## TASK PROMPT
Transcribe only the lines in the data below falling between the line with "Защита картера Sheriff" and the line with "战法:XP众谋不懈+XP利兵谋胜;地利", including those two lines, and leave out any picture.

------ RECORDS SUPPLIED

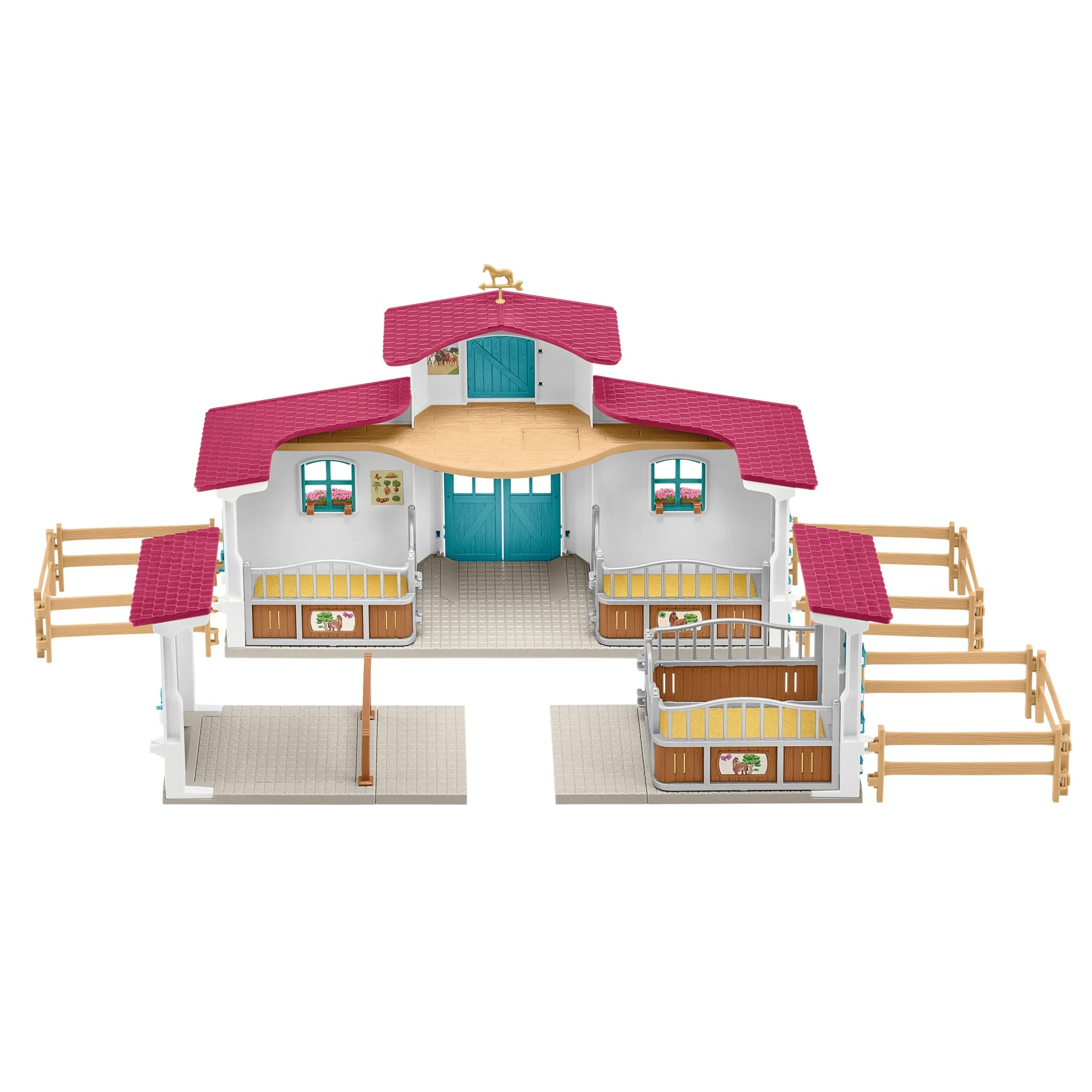 Highlights: Vielseitige Stallanlage mit Außengelände • Kombinierbare Zaunelemente • Detailliertes Zubehör für Pferdepflege & Reiten • Schlafbereich auf dem Heuboden • Ideal für kreative Rollenspiele.
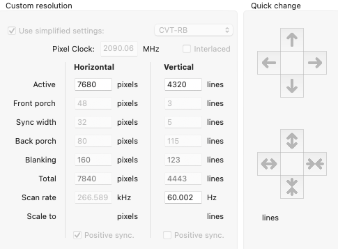 Yes, create CVT-RB timings for 8K30 and 8K60. They will have pixel clock of ≈ 1030MHz and 2090MHz. The first may be useful for DisplayPort since it doesn't require DSC for RGB 8bpc. The second doesn't require DSC for 4:2:0 8bpc (not sure if I've every seen DisplayPort output 4:2:0 on a Mac - it requires DisplayPort 1.4 which some Macs support).
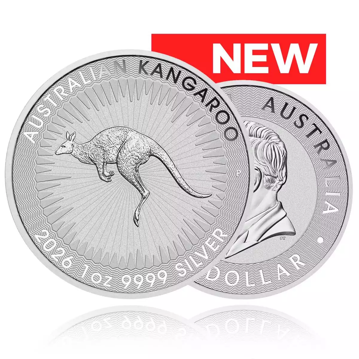 The kangaroo takes centre stage in the 2026 silver coin design with a leaping kangaroo, surrounded by stylised rays of bursting sunlight. Inscriptions on a wavy-lined border include ‘AUSTRALIAN KANGAROO’ and the coin’s weight, purity, and 2026 year-date, together with The Perth Mint’s ‘P’ mintmark.
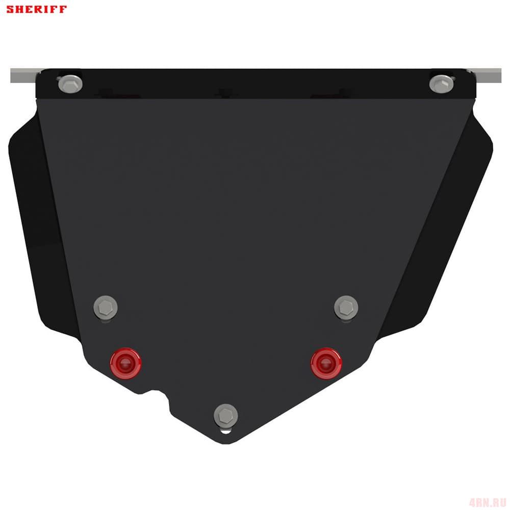 Защита картера Sheriff нужна для сохранности узлов и агрегатов, находящихся на днище авто. Она надежно защитит двигательный отсек вашей машины от повреждений. Также она защищает моторный отсек от влаги, грязи, и предусматривает наличие металлических крыльев, которые выполняют функцию пыльника.
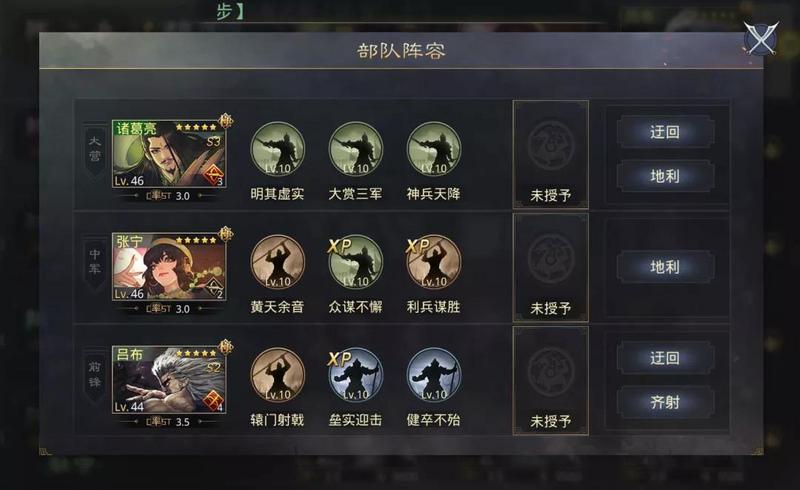 战法:XP众谋不懈+XP利兵谋胜;地利
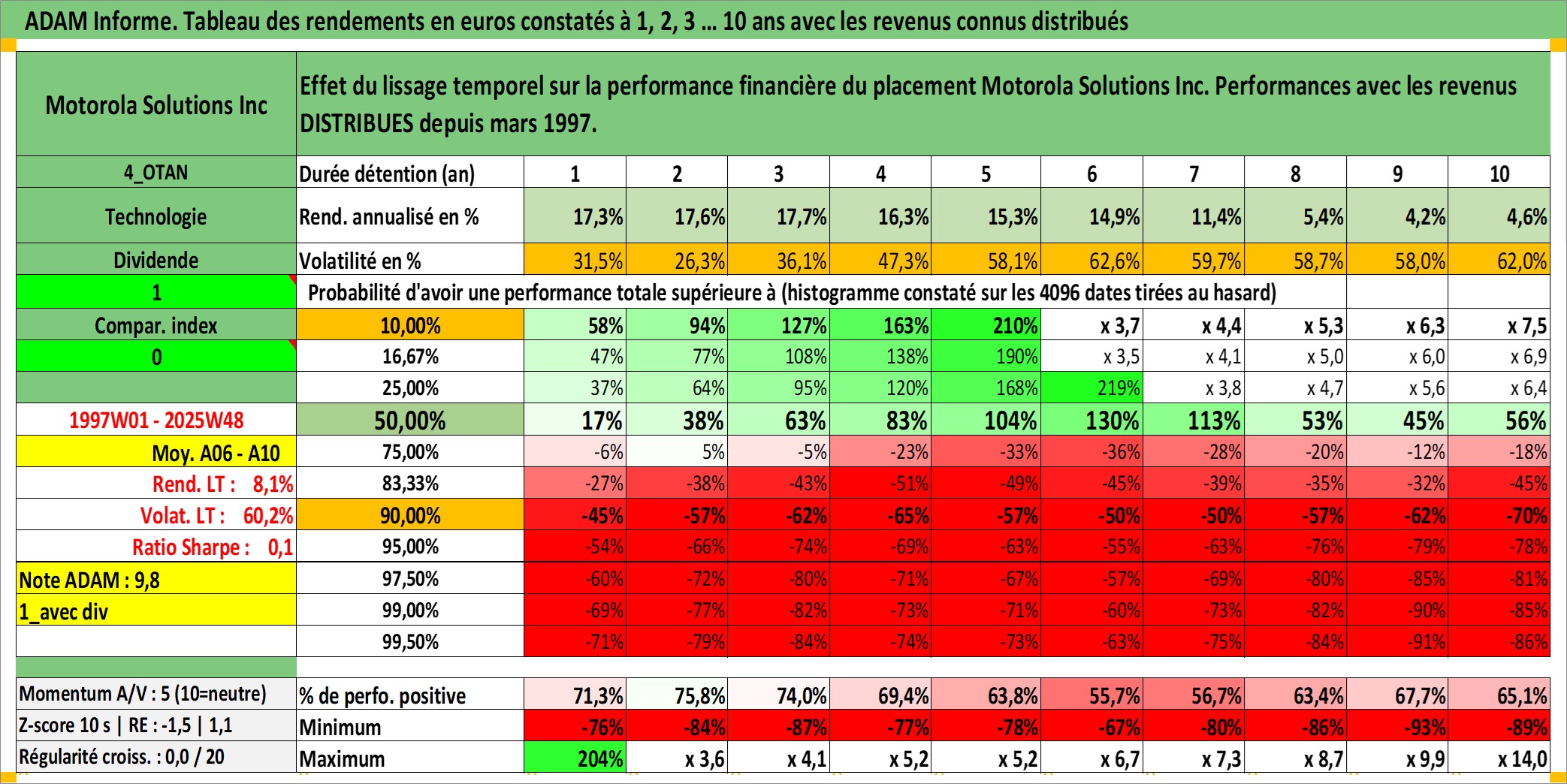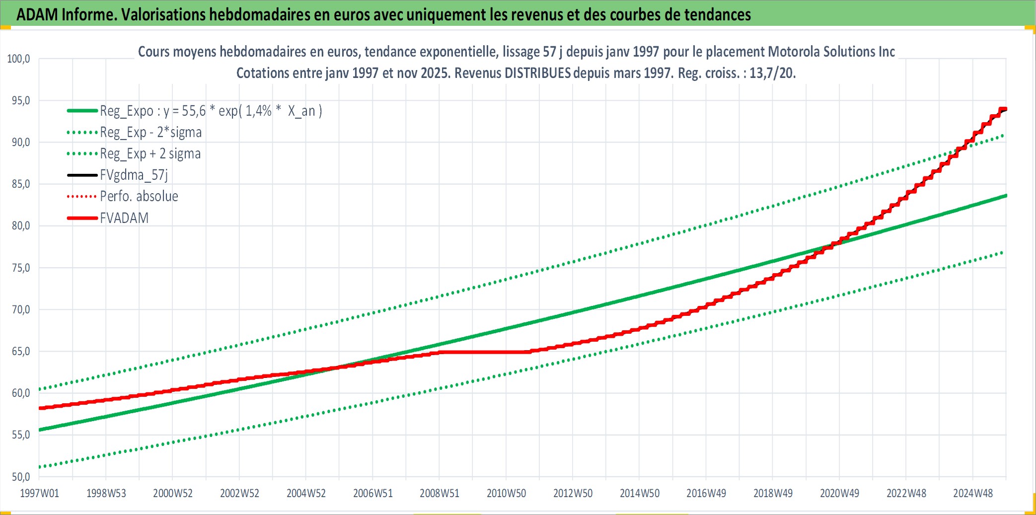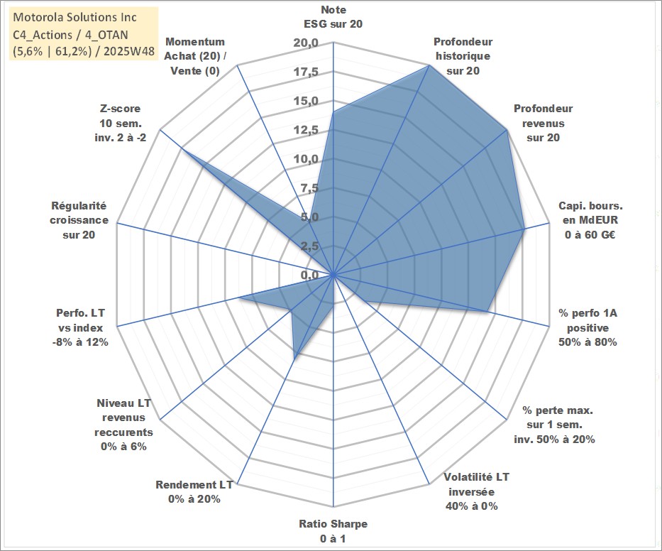 Site dédié aux investisseursPage dédiée sur site financeAnalyse des valorisations hebdomadaires de l'action Motorola Solutions Inc. Cet actif est cote en USD. Les valorisations sont en contrevaleur EURO et couvrent les semaines 1997W01 a 2025W48. Les revenus de cet actif financier sont pris en compte depuis la semaine 1997W11. La note globale ESG de cet actif est estimee a 14.0 (apres rebasage entre 0 et 20).

------------

## SOLVED EXERCISE
 Защита картера Sheriff нужна для сохранности узлов и агрегатов, находящихся на днище авто. Она надежно защитит двигательный отсек вашей машины от повреждений. Также она защищает моторный отсек от влаги, грязи, и предусматривает наличие металлических крыльев, которые выполняют функцию пыльника.
 战法:XP众谋不懈+XP利兵谋胜;地利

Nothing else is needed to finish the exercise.